Segment Start: Material for this task

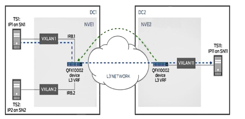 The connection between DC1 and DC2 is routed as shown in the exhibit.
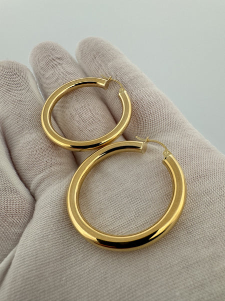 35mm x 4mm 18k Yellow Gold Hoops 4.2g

Segment End: Material for this task
Segment Start: Material for this task

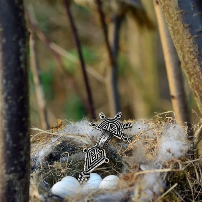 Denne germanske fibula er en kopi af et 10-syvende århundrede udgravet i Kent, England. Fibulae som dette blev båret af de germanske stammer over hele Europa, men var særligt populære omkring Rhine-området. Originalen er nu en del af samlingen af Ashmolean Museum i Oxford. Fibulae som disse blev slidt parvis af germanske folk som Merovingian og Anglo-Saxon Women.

Segment End: Material for this task
Segment Start: Material for this task

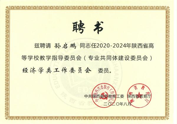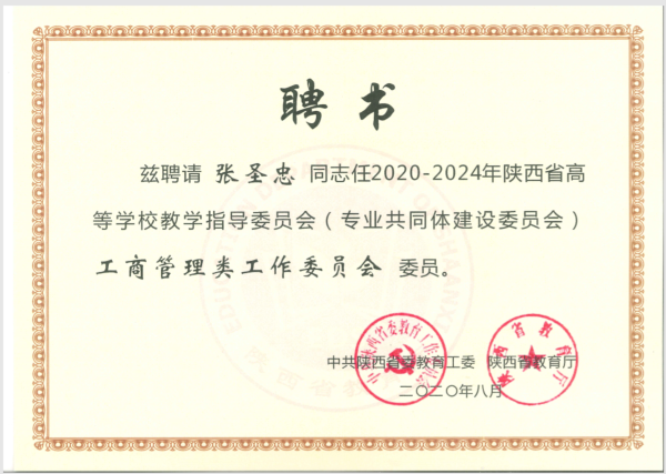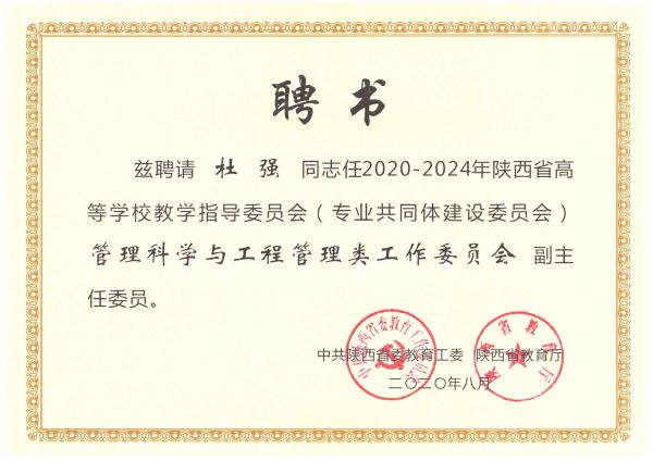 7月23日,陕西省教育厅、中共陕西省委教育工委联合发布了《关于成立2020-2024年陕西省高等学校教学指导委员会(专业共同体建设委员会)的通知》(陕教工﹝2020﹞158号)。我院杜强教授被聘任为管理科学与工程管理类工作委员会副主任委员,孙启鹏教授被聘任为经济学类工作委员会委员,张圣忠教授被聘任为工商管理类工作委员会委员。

Segment End: Material for this task

▸ **Action item**
Write out, word for word, the stretch of entries that begins at the line with "The connection between" and ends at the line with "35mm x 4mm 18k Yellow Gold Hoops 4.2g". Pictures do not belong in it.

▸ **Written solution**
 The connection between DC1 and DC2 is routed as shown in the exhibit.
 35mm x 4mm 18k Yellow Gold Hoops 4.2g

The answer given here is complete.